▶ [Data]
===============

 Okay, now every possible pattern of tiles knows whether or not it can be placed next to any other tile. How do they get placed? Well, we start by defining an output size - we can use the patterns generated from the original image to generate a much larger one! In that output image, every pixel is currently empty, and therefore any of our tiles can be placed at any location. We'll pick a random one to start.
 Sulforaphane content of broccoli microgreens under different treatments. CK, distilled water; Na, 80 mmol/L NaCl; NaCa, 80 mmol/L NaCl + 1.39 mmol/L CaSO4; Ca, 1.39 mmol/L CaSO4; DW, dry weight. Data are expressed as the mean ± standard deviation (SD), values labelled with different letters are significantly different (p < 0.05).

===============

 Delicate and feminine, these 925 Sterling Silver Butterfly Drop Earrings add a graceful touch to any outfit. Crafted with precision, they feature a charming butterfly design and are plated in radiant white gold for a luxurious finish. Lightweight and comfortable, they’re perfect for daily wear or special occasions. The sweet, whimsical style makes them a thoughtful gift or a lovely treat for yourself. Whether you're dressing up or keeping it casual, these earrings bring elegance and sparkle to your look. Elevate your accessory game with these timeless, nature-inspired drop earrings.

===============

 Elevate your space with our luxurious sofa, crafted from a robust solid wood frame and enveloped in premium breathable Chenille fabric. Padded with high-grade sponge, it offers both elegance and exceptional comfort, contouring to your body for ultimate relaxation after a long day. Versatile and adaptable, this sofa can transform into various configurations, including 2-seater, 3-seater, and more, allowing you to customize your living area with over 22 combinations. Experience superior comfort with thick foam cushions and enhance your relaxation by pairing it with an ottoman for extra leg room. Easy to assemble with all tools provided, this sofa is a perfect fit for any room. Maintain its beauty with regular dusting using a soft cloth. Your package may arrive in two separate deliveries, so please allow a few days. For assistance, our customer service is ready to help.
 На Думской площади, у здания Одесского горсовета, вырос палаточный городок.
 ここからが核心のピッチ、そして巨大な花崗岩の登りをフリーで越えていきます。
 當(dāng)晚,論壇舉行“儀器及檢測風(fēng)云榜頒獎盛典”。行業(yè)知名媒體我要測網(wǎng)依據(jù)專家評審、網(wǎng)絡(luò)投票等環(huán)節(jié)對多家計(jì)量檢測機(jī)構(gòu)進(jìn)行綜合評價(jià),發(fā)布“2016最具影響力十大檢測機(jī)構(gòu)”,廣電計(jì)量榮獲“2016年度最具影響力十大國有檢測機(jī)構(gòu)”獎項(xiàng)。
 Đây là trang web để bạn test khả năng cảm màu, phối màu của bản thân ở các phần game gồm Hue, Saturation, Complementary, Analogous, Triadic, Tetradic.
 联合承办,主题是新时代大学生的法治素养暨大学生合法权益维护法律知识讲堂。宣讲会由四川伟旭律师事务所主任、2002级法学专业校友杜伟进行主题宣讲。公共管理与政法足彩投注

===============

▶ [What is needed] Copy every line that includes the string "game" from the material above.

▶ [Task output]
 Delicate and feminine, these 925 Sterling Silver Butterfly Drop Earrings add a graceful touch to any outfit. Crafted with precision, they feature a charming butterfly design and are plated in radiant white gold for a luxurious finish. Lightweight and comfortable, they’re perfect for daily wear or special occasions. The sweet, whimsical style makes them a thoughtful gift or a lovely treat for yourself. Whether you're dressing up or keeping it casual, these earrings bring elegance and sparkle to your look. Elevate your accessory game with these timeless, nature-inspired drop earrings.
 Đây là trang web để bạn test khả năng cảm màu, phối màu của bản thân ở các phần game gồm Hue, Saturation, Complementary, Analogous, Triadic, Tetradic.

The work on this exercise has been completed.